Sein breites Bayerisch, seine fröhliche Art, sein ruhiges Auftreten, all das machte ihn für die Fans sympathisch. Und er war immer dabei, der Sepp. Ob mit dem sagenhaft unvermeidlichen 356 in all seinen Varianten, dann mit dem Elva-Porsche im Jahr 1964, den man eher mit Edgar Barth im Cockpit verbindet, ähnlich wie mit dem 718 RS, den er im Jahr zuvor einsetzte.  Ab 1965 taucht ein 904 GTS mit Sepp am Steuer bei den Läufen zur Europa-Bergmeisterschaft auf, und liefert sich beinharte Kämpfe mit Weber, Stommelen oder Schütz im gleichen Kaliber. Dann folgen die glorreichen Carrera-6-Jahre, bevor diverse 911T oder S als Untersatz dienen.

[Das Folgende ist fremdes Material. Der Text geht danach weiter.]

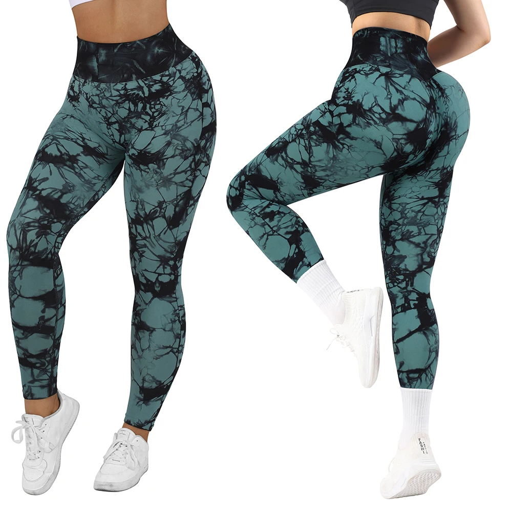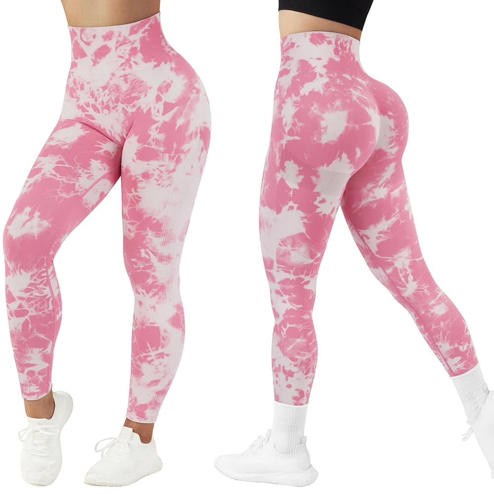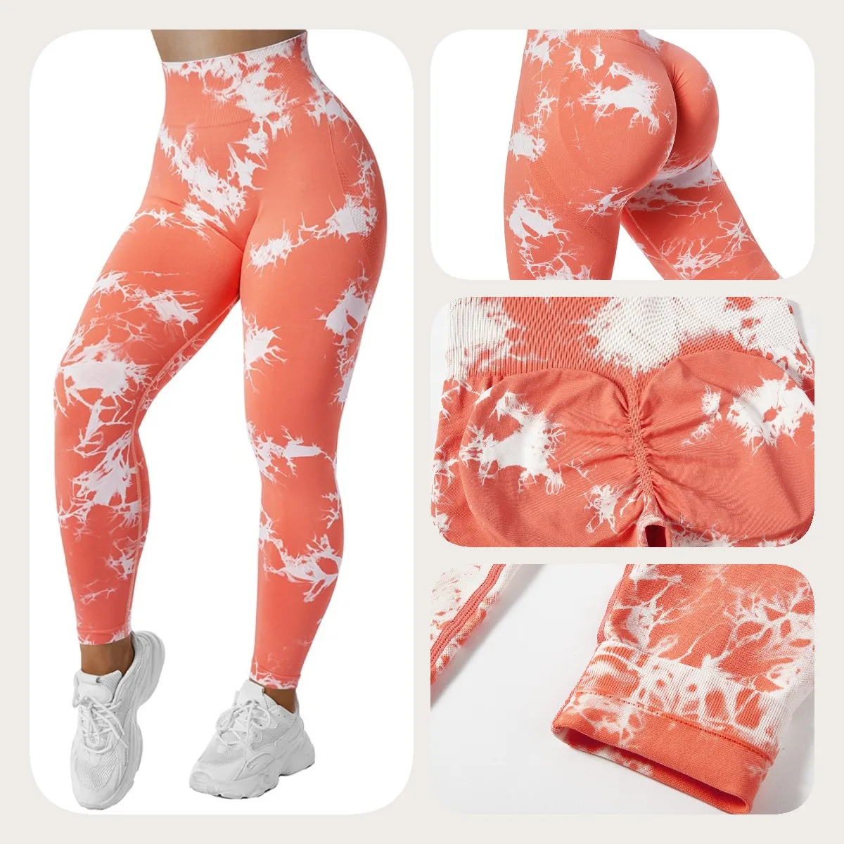 Отзывы о Женские спортивные Леггинсы OMKAGI Tie Dye пуш-ап для фитнеса женские бесшовные

Nur zweimal saß Sepp auf dem Weg zum Ahornkaser in einem auch bei betuchten Privatfahrern so beliebten Sportwagen vom Schlag eines Porsche 910.
Er hielt die Fahne der Stuttgarter Edelschmiede eisern hoch, er füllte eine Zeile in der Nennliste des Rossfeldrennens ein wie das Amen im Gebet, sein allseits bekanntes Gesicht lächelte verschmitzt unter dem silbernen Helm hervor, bevor er die Brauen zusammenzog und sich auf die Aufgabe konzentrierte, seinen Feuerstuhl so schnell wie möglich hinauf zu katapultieren, schneller als die Konkurrenz jedenfalls, denn Siegen war ihm Lohn und Pflicht.
Am 2. August 2010 starb Sepp Greger im Alter von 95 Jahren in München.